Supervisors: Prof. Timo Gerkmann (UHH), Dr. Guido Nolte (UKE)

Proposal 2: Phase-Aware Speech Enhancement

The ease of speech understanding in noise degrades greatly with decreasing signal-to-noise ratios. This effect is even more severe for hearing impaired people, hearing aid users and cochlear implant users. Noise reduction algorithms aim at reducing the noise to facilitate speech communication. This is particularly difficult when the noise signal is highly variant.

Many speech enhancement algorithms are based on a representation of the noisy speech signal in the short-time Fourier transform domain (STFT) domain. In this domain, speech is represented by the STFT magnitude and the STFT phase. In the last two decades research in speech enhancement algorithms mainly focused on improving the STFT magnitude, while the STFT phase was left unchanged. However, more recently, researchers pointed out that phase processing may improve speech enhancement algorithms further.

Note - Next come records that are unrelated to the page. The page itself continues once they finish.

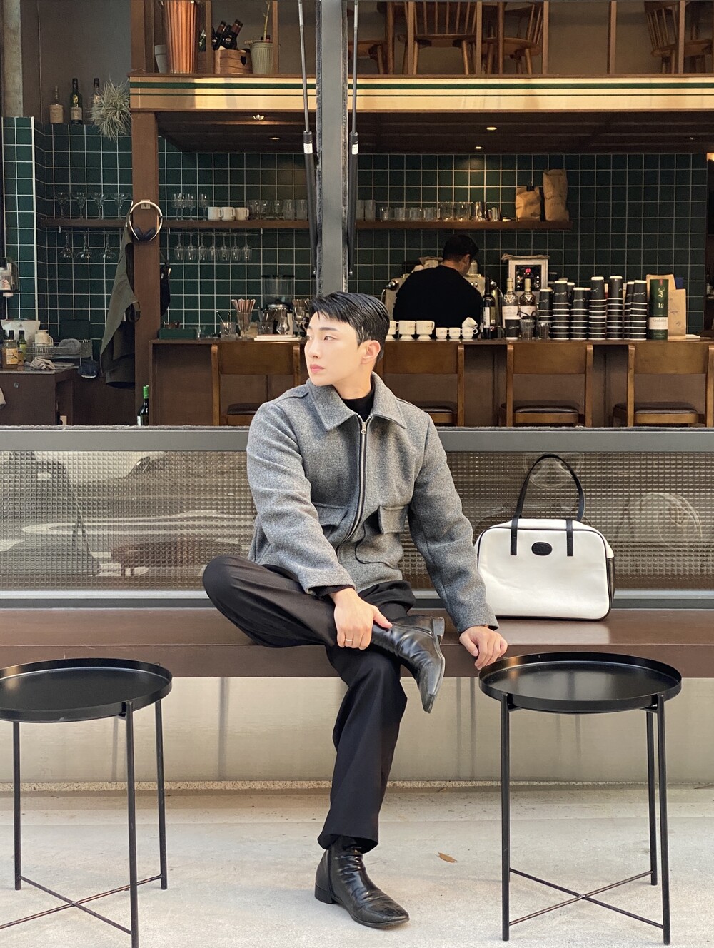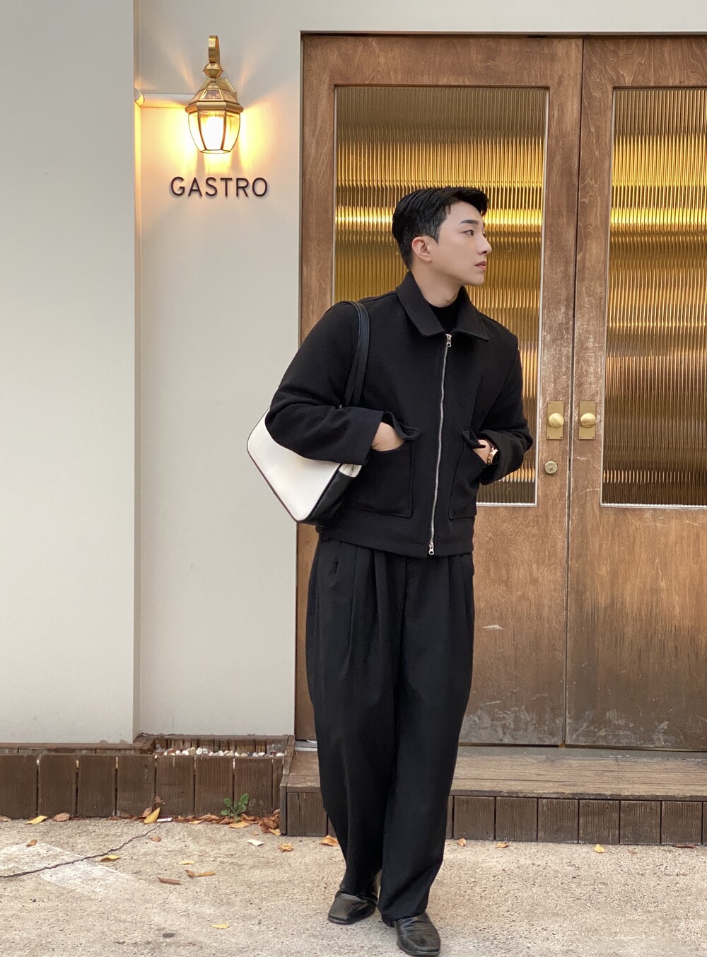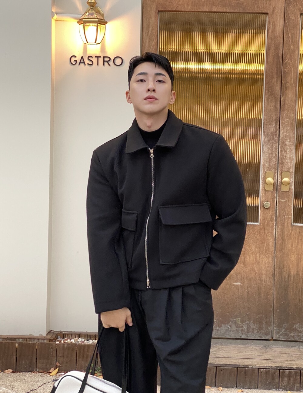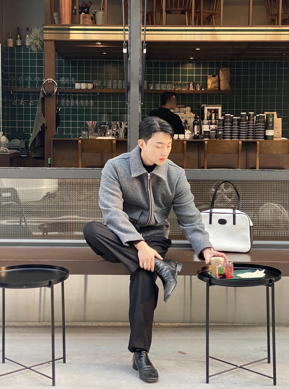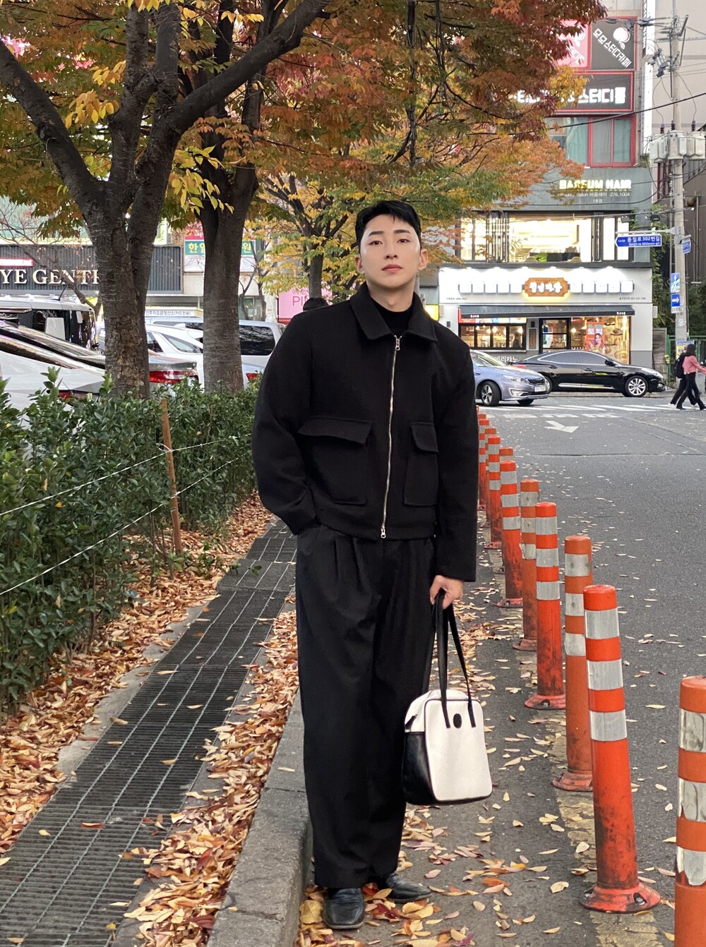 올블랙에 그레이 자켓 걸치면 끝.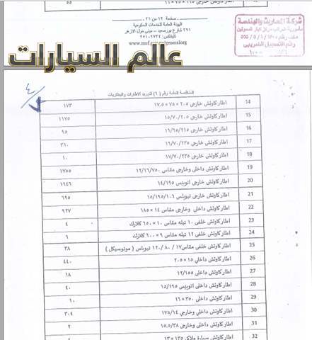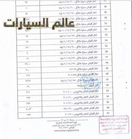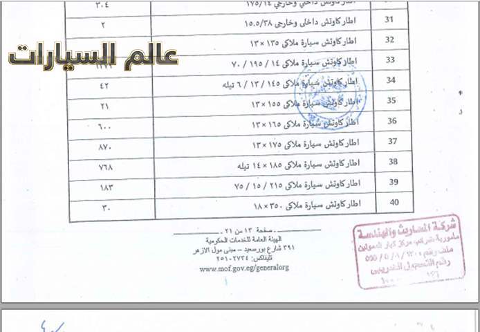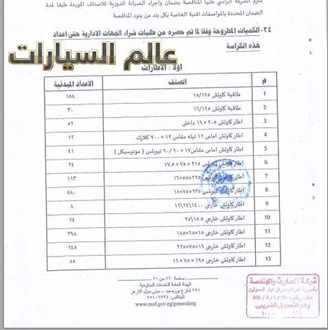 وتتضمن المناقصة توريد إطارات للسيارات الملاكي المملوكة للجهات الحكومية إضافة إلى الأتوبيسات المملوكة أيضا للجهات الحكومية كذالك توريد إطارات داخلية وخارجية للجرارات الزراعية والكراكات المملوكة للجهات التابعة لوزارة الزراعة .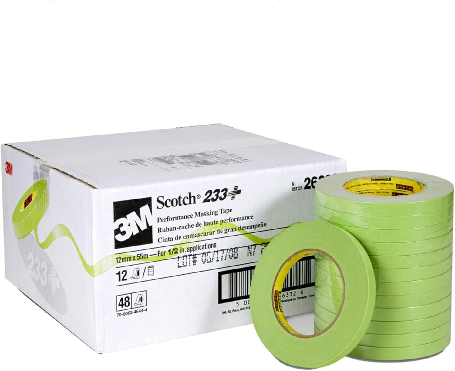 | Item Type Name | SCOTCH PERFORMANCE MASKING TAPE 233+, 26332, 12 MM X 55 M, 48 PER CASE |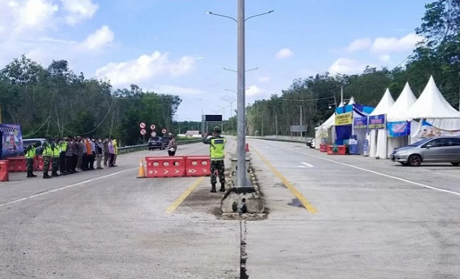 Terlihat juga puluhan petugas gabungan sedang mengatur lalu lintas atau pun bersiaga di pintu tol Simpang Pematang, Mesuji. (Ant)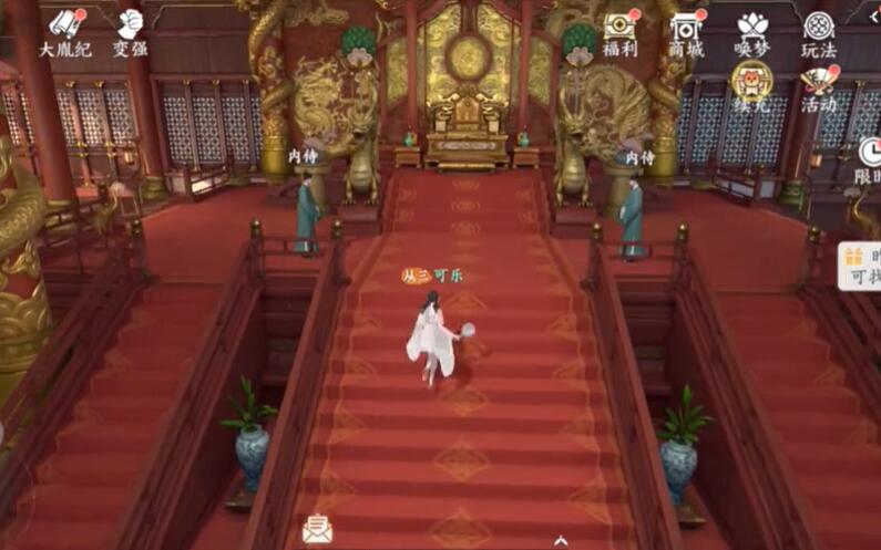 2、首先,玩家来到乾元殿上方的龙椅上。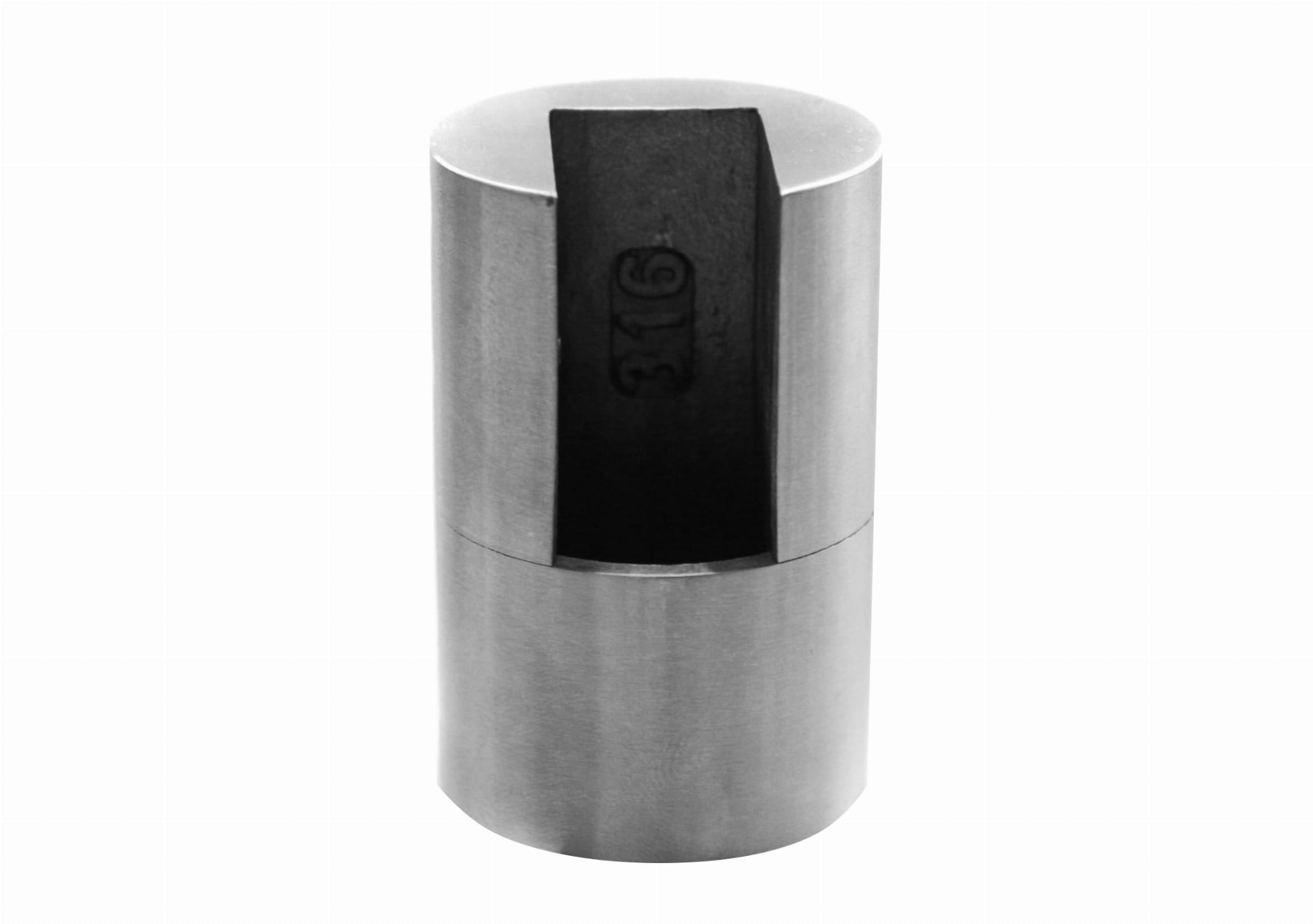 Soporte cilíndrico IZQUIERDA, superficie plana, AISI 316, SATINADA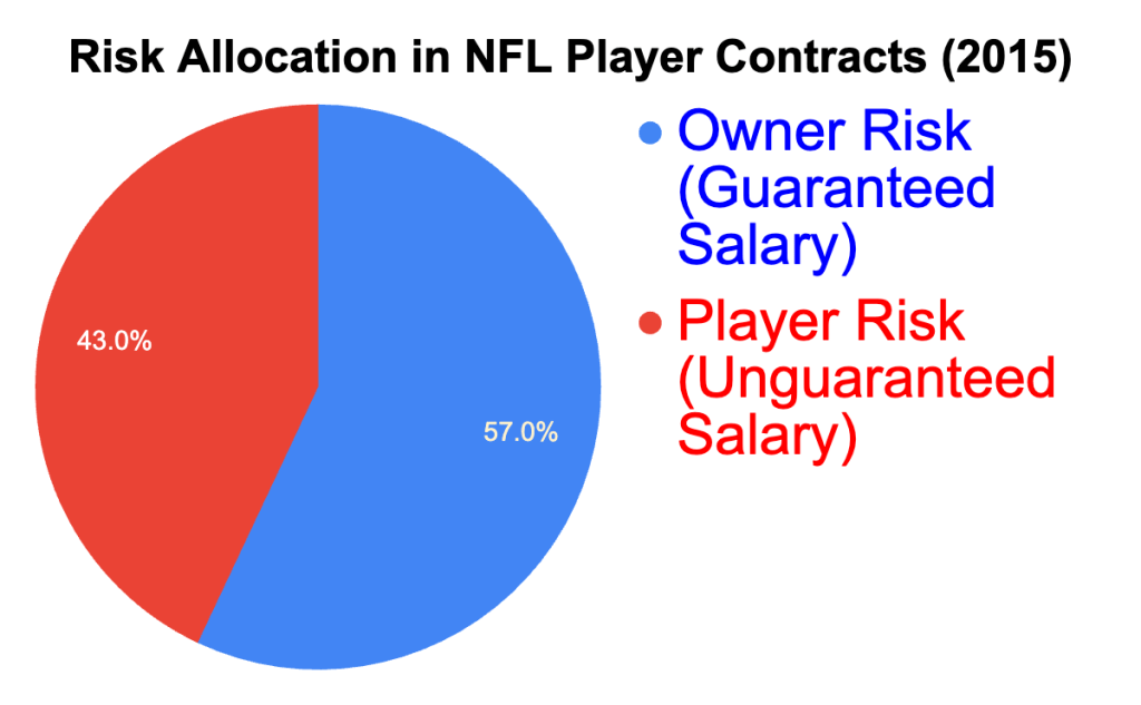 Figure 3: We can see how in the NFL, approximately 57% of a player’s contract value is guaranteed, meaning teams are obligated to pay this portion regardless of performance or release. The remaining 43% is typically non-guaranteed, exposing players to financial risk if they are cut or injured (having somewhat of a balance).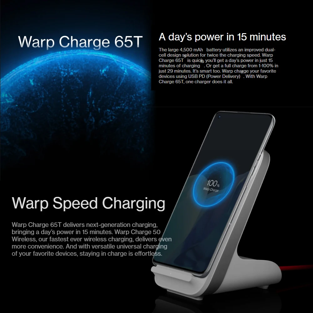 Warp Charge 65T обеспечивает зарядку следующего поколения, обеспечивая питание в течение 15 минут. Warp Charge 50 Wireless, наша самая быстрая Беспроводная зарядка, обеспечивает еще больше удобства. И с универсальной зарядкой ваших любимых устройств, оставаться в зарядке без усилий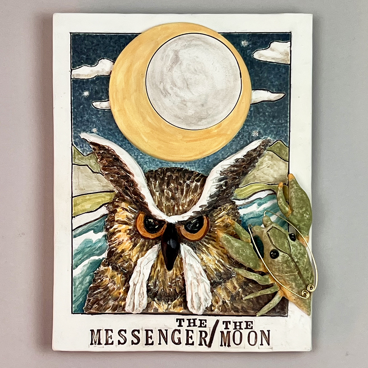 Wall hanging ceramic Bas Relief sculpture with under glaze painting and wire. Oversized Medicine Card features the magic of night with the pull of the moon.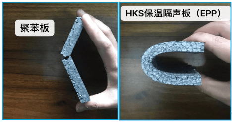 全面可彎曲:XPS、EPS(聚苯板)受力易斷裂,而HKS保溫隔聲板(EPP)可以實現(xiàn)180°彎曲。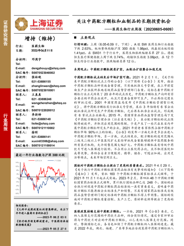 【上海证券】【20230611】关注中药配方颗粒和血制品的长期投资机会-27页 行业研究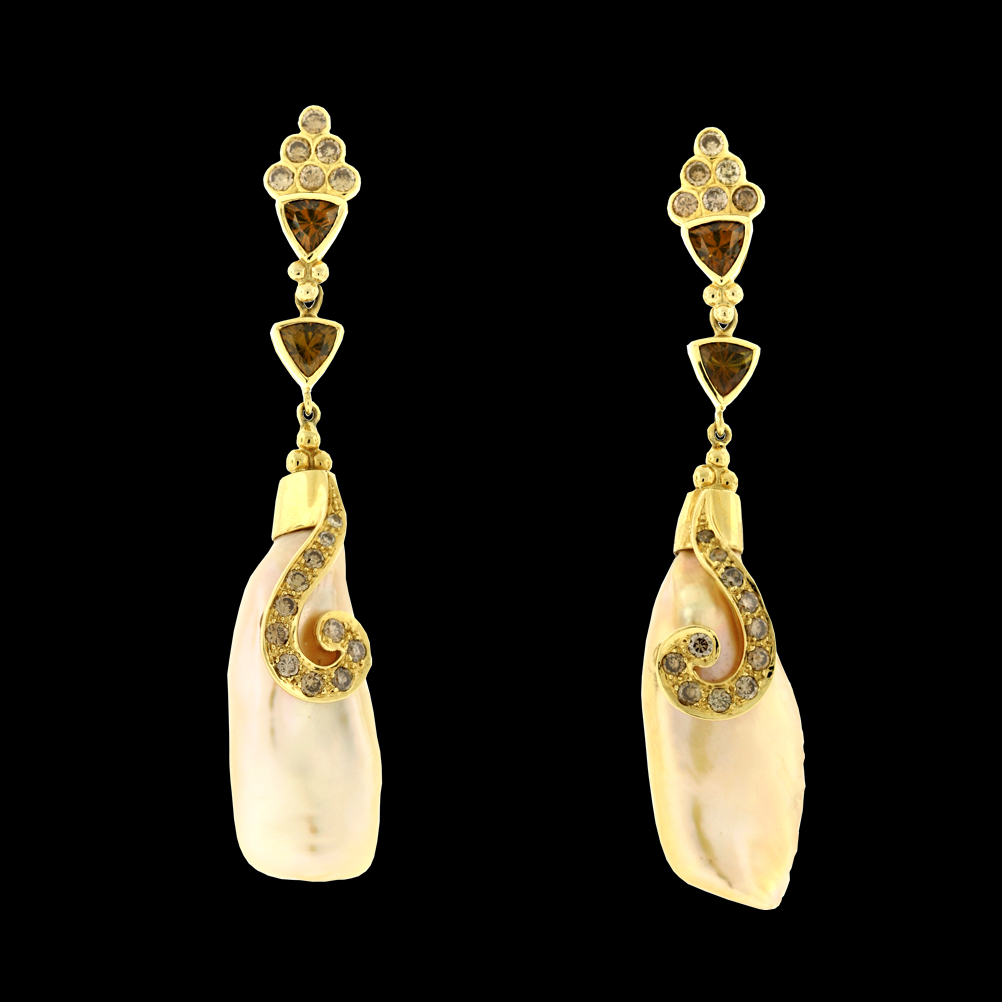 18K yellow gold with Andradite Garnet, Pearl and? Diamond..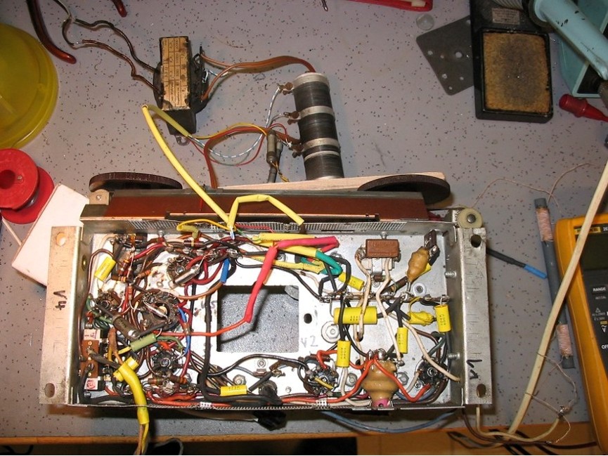 Hallo zusammen, ich habe vor einiger Zeit in dem bekannten internet Auktionshaus ein amerikanisches Philco 48-360 Röhrenkofferradio ersteigert. Hier nun der Reparatur Bericht: er beginnt mit Überraschungen; bei Demontage und erstem Überblick stellt sich heraus es handelt sich um ein Philco 46-350 und nicht um 48-360 mit der Konsequenz dass die nach Unterlagen beschaffte Endröhre 3LF4 falsch ist. Richtig wäre die 3Q5GT. Auf ihrer Position steckt dem Sockel nach eine Gleichrichter Röhre AZ 33 ( Nur 4 Stifte mit Sockel OC3 keine leserliche Beschriftung ) . Der Lautsprecher klemmt lose zwischen Chassis und Gehäuse. Die übrigen Röhren 1T4 2 X 1R5, 1U5 und 117Z3 haben allen intakte Heizungen und stecken auf den richtigen Positionen. Das Netzkabel ist abgeschnitten und ganz offensichtlich ist auch schon mal eine Batterie ausgelaufen. Die eingebaute Drahtantenne ist deshalb beschädigt. Soweit der erste Status, ich werde weiter vom Fortgang berichten sobald ich mir eine 3Q5Gt beschaft habe.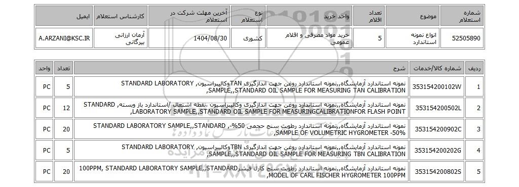 STANDARD LABORATORY SAMPLE,,STANDARD OIL SAMPLE FOR MEASURING TBN CALIBRATION, | 5 | PC | | 5 | 353154200802S | نمونه استاندارد آزمایشگاه,,نمونه استاندارد رطوبت سنج کارل فیشر100PPM,

This thesis aims at implementing, analyzing and developing algorithms for phase processing. The overall goal is to obtain intelligible, high quality speech signals even from heavily distorted recordings in real-time. Of special interest in this context are the robust estimation of the clean speech phase from the noise-corrupted recording, the interplay between the traditional enhancement of spectral amplitudes and the recent developments in spectral phase enhancement, as well as the potential of modern machine learning techniques like deep learning.

First, existing approaches will be implemented and analyzed with respect to their strengths and weaknesses. Starting from this, new concepts to push the limits of the current state-of-the-art will be developed and realized. Finally, the derived algorithm(s) will evaluated and compared to existing approaches by means of instrumental measures and listening experiments. Depending on the outcome of this work, we encourage and strive for a publication of the results at a scientific conference or journal.

Experience and basic knowledge of signal processing are definitely helpful but not mandatory.

Contact: Tal Peer, Prof. Timo Gerkmann (UHH)

Proposal 3: Sound Source Localization and Tracking

Humans are remarkably skilled at localizing sound sources in complex acoustic environments. This ability is largely due to spatial cues, such as time and level differences, that our brain can interpret. In technical systems, microphone arrays enable similar spatial processing, allowing algorithms to estimate the positions of speakers and track them over time. Accurate and low-latency speaker tracking is a key component in many downstream applications, such as steering spatially selective filters (SSFs) that enhance a specific target speaker in multi-speaker scenarios.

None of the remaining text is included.